Bergoglio conseguirá
dar um salto à frente? Transferir padres na diocese deBuenos Aires do
centro para as favelas era bastante fácil. O exemplo pessoal já contava muito.
Mas aqui se trata de colocar em trilhos novos o imenso corpo de uma Igreja,
dirigida por centenas de milhares de quadros, varrendo carreirismo, corrupção e
obediências de conveniência.
Negócios, Cúria e IOR: uma
difícil operação de limpeza
O enigma desse início de
pontificado está aqui. Reestruturar a Cúria Romana não é difícil, limpar o IOR também
não é impossível. Mas reformar a Igreja Católica, habituar os bispos a serem
missionários sóbrios no estilo de vida e não potentados locais, reprogramar o
pessoal vaticano e o clero a um trabalho essencialmente pastoral e não de
funcionários mais ou menos sistematizados, erradicar tráficos, tirar da Cúria o
papel milenar de centro burocrático e de poder incontestável, fazendo dela um
instrumento de unidade em espírito de colaboração com os episcopados do
mundo... é um objetivo gigantesco.
Sem falar da crise dos
padres, que Wojtyla e Ratzinger nunca realmente quiserem
enfrentar, e do papel de codecisão que cabe às mulheres na Igreja. Se as palavras
do Papa Bergoglio permanecerem como expressões isoladas de uma única
pessoa e não provocarem mudanças concretas de comportamento de todos os níveis
das estruturas eclesiais, a carga de novidade do seu pontificado será
lentamente reabsorvida.
Isso é o que esperam – nos
bastidores – os católicos temerosos do futuro, satisfeitos com um pontífice que
saiba tocar o coração dos fiéis e que seja mais simpático à mídia. É isso que
esperam também os grupos conservadores da sociedade, ateus mais ou menos
devotos, que desde sempre preferem uma Igreja autoritária, que enquadre fiéis
obedientes e se limite a fazer assistência social.

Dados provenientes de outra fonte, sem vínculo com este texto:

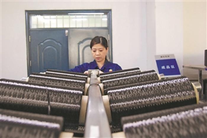 图为西部质检二车间员工通过力学缠样检测样品性能。
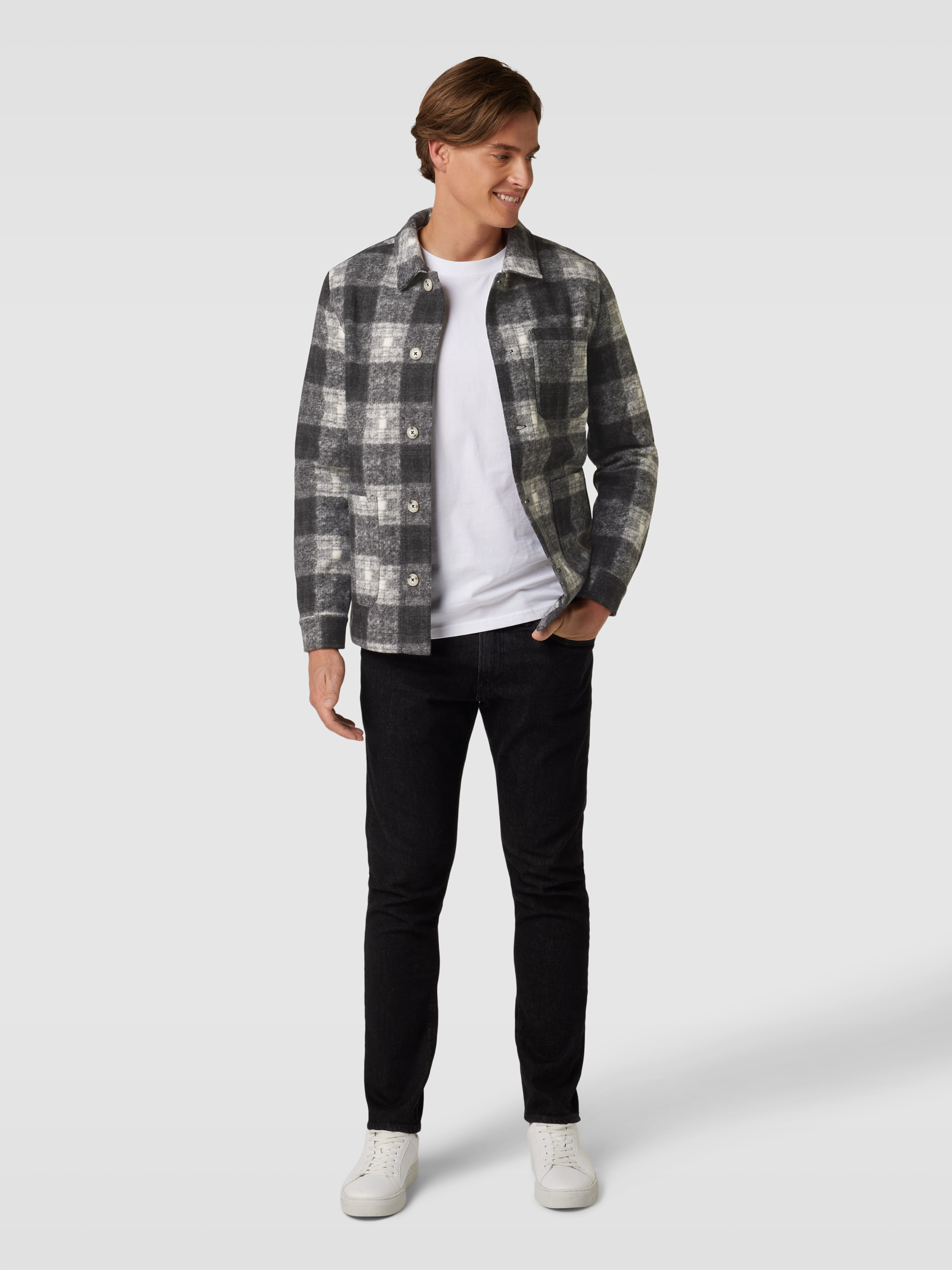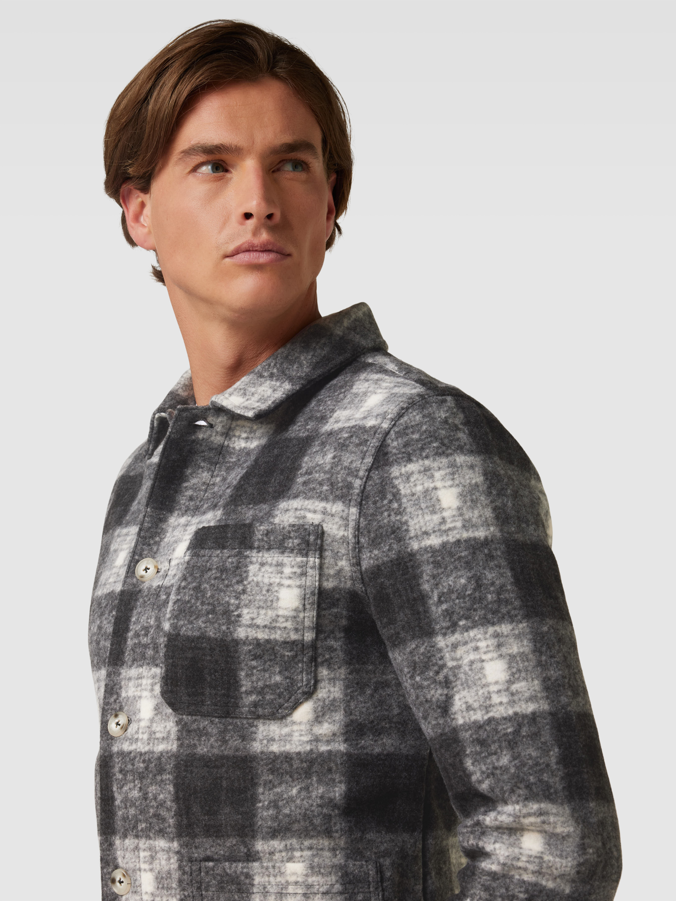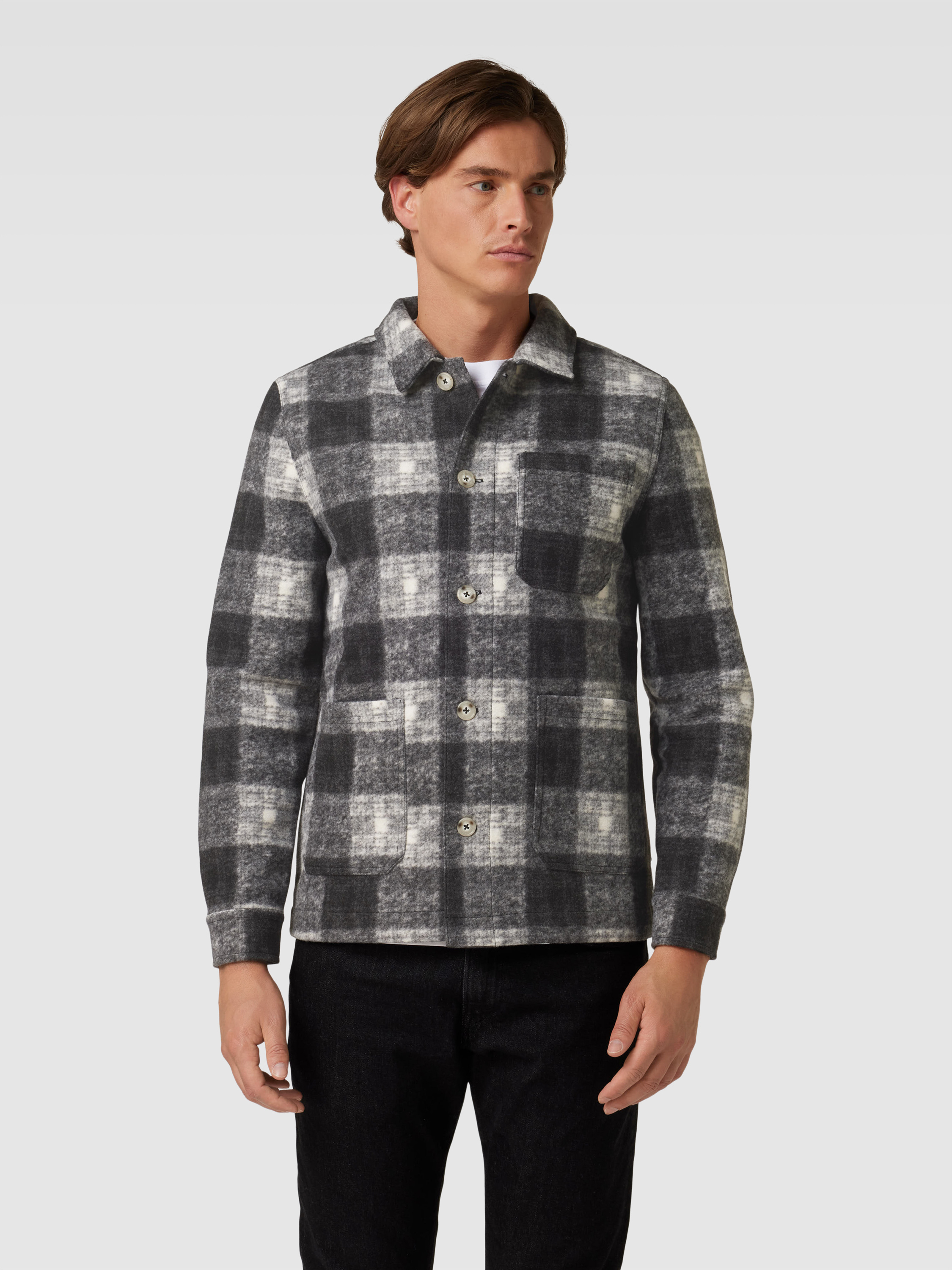 Overhemdjack met ruitmotief in antraciet
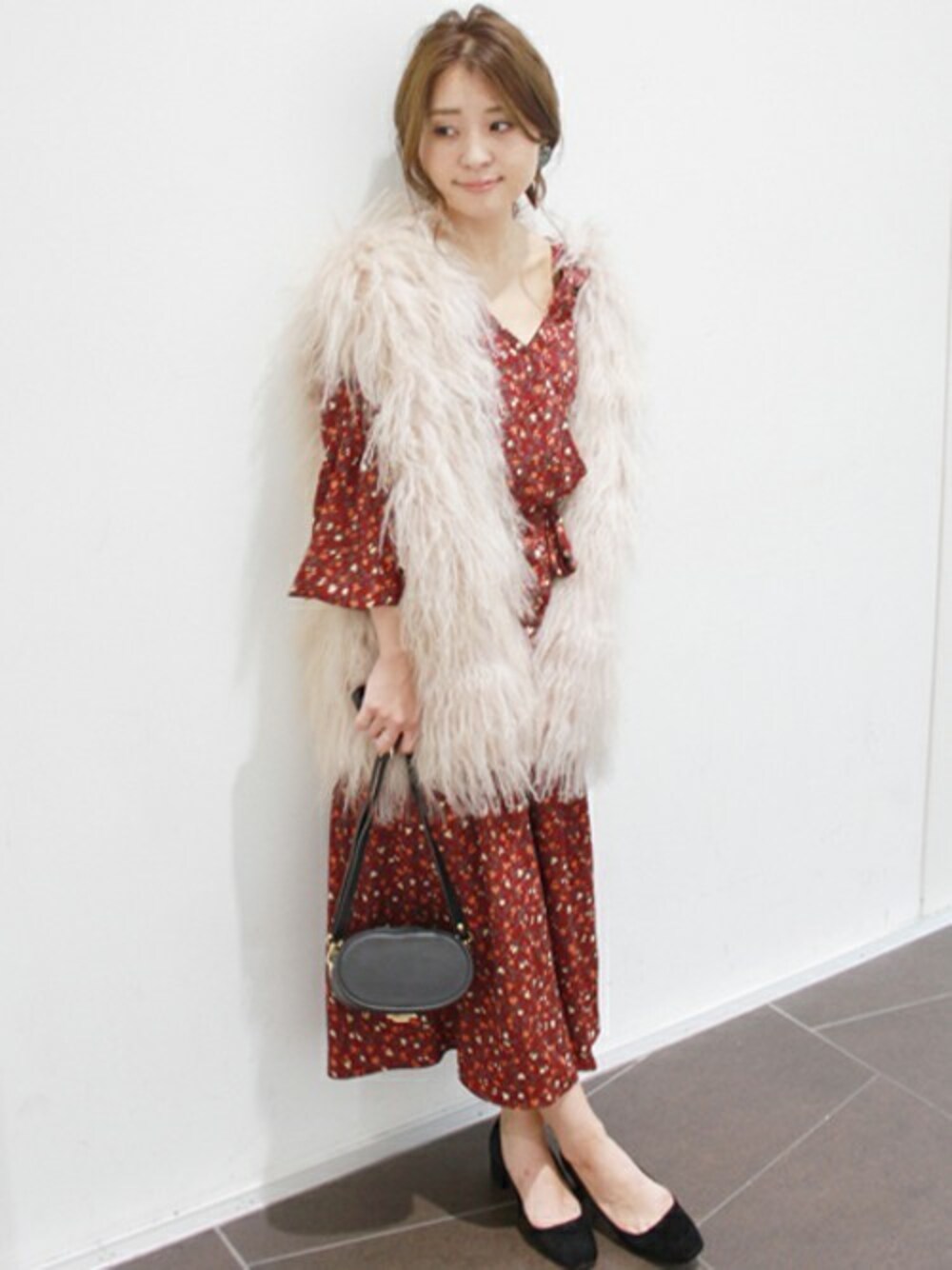 さっと羽織るだけでこなれたスタイリングが完成するファーベスト。ボリューム感が上品な印象に。156cmでもバランス良く着こなせます。

Note-se a sutil censura com
que, nos meios de comunicação, é sufocada morbidamente a insistente denúncia de Francisco contra
as novas escravidões econômicas e o poder excessivo financeiro sobre massas de
cidadãos em crise. O papa disse várias vezes que quem não caminha, no
fim, volta atrás.
Ir em frente é o imperativo
desse enigmático pontificado. Significa, também, fazer cair algumas cabeças em
um contraste estridente demais com os padrões agora invocados. "Limpar a
Cúria" – como Bergoglio desejava às vésperas da sua viagem a Roma –
é uma ação que todos devem ser capazes de ver. O tempo corre. Historicamente, a
renúncia por idade já entraram no horizonte do papado. E dez anos, por exemplo,
não são muitos.”
Hoje, ao ver a tomada de posse do novo Patriarca de Lisboa, e todas aquelas vestes eclesiásticas do tempo do senhor D. João V, tive necessidade de reler este texto.
1 comentário:
Cada dia fico mais fã do Francisco.
Obrigada por compartilhar ,já tinha conhecimento do assunto mas não lido ainda a reportagem de Marco Politi.